Please give back, exactly as written, the lines from the line with "Le numérique peut" to the line with "Physical Therapy: physicaltherapy@comaquatics.com" in the listing below, leaving out all pictures.

DATA TO USE:
────

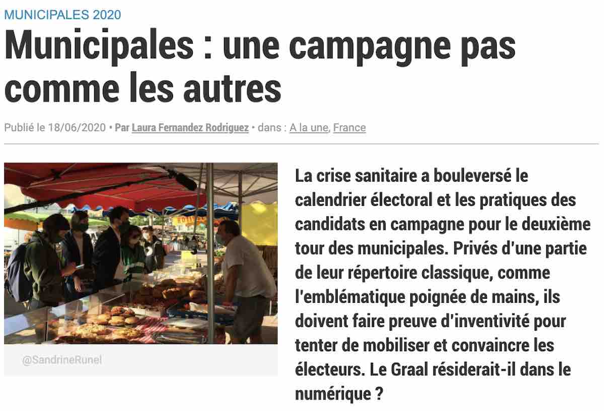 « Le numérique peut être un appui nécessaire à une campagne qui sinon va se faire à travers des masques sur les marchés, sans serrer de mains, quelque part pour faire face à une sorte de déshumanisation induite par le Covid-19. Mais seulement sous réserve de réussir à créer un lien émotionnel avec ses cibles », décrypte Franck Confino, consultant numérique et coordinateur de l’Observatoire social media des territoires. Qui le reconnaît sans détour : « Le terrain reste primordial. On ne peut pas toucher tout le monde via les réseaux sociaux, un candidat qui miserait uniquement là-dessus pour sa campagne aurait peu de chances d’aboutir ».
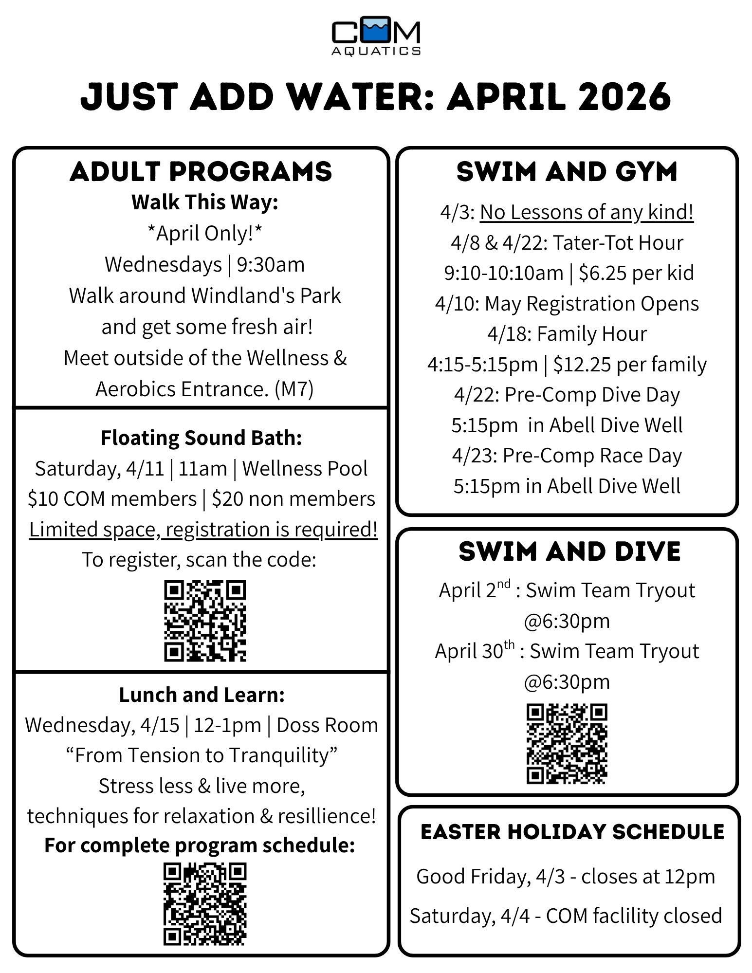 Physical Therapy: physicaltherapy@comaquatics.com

────

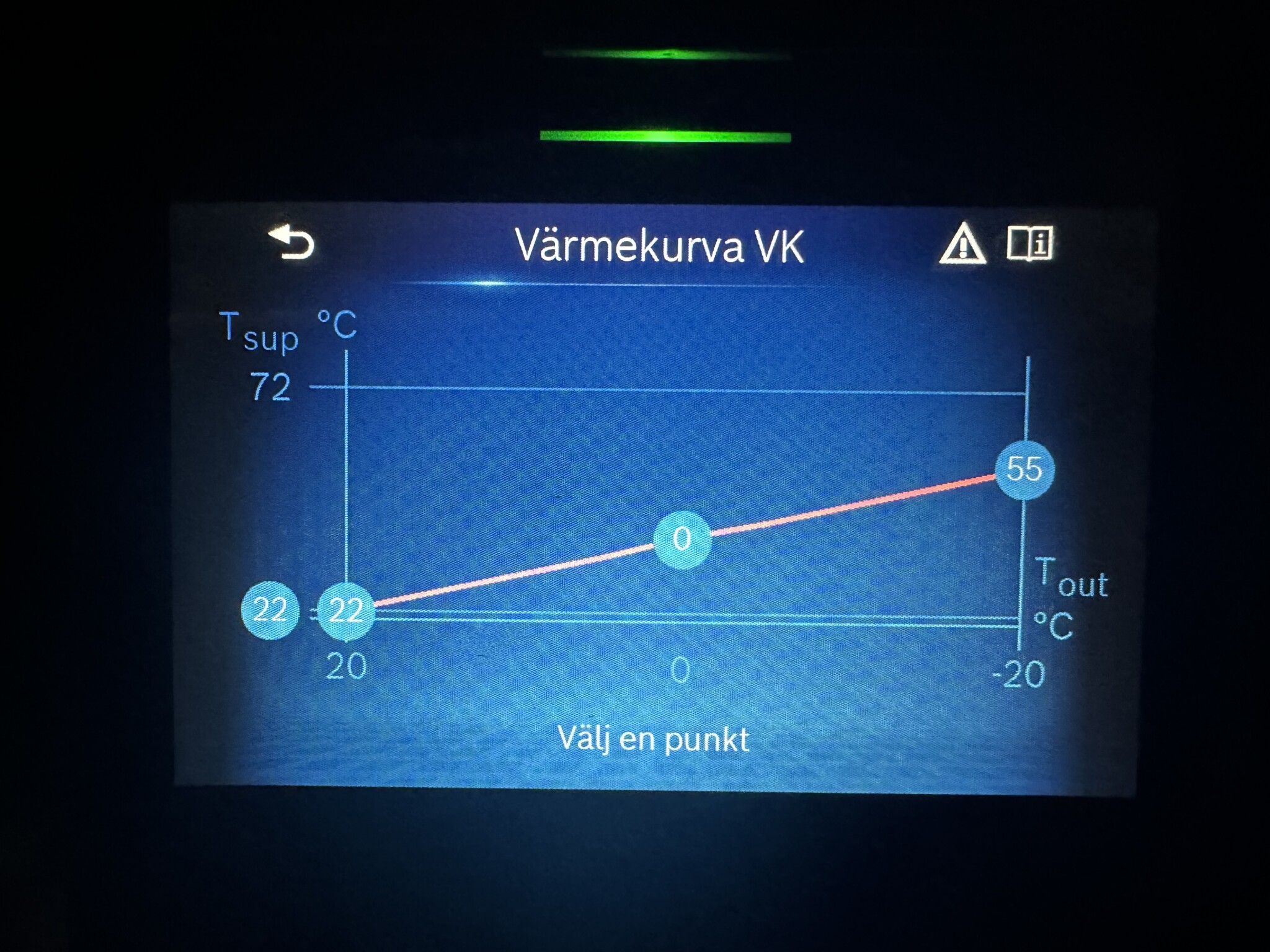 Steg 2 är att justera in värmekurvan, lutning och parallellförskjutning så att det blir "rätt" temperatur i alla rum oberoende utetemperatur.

────

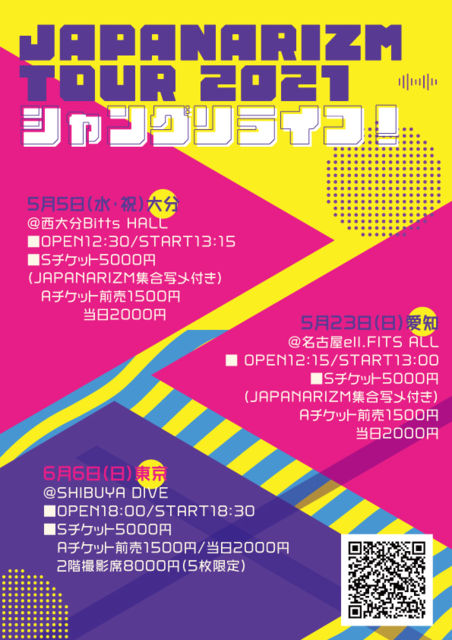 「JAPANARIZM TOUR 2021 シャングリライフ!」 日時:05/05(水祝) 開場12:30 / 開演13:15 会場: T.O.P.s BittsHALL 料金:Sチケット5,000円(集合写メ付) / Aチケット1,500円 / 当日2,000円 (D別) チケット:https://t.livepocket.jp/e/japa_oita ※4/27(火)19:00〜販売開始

────

RESPONSE TO THIS TASK:
 « Le numérique peut être un appui nécessaire à une campagne qui sinon va se faire à travers des masques sur les marchés, sans serrer de mains, quelque part pour faire face à une sorte de déshumanisation induite par le Covid-19. Mais seulement sous réserve de réussir à créer un lien émotionnel avec ses cibles », décrypte Franck Confino, consultant numérique et coordinateur de l’Observatoire social media des territoires. Qui le reconnaît sans détour : « Le terrain reste primordial. On ne peut pas toucher tout le monde via les réseaux sociaux, un candidat qui miserait uniquement là-dessus pour sa campagne aurait peu de chances d’aboutir ».
 Physical Therapy: physicaltherapy@comaquatics.com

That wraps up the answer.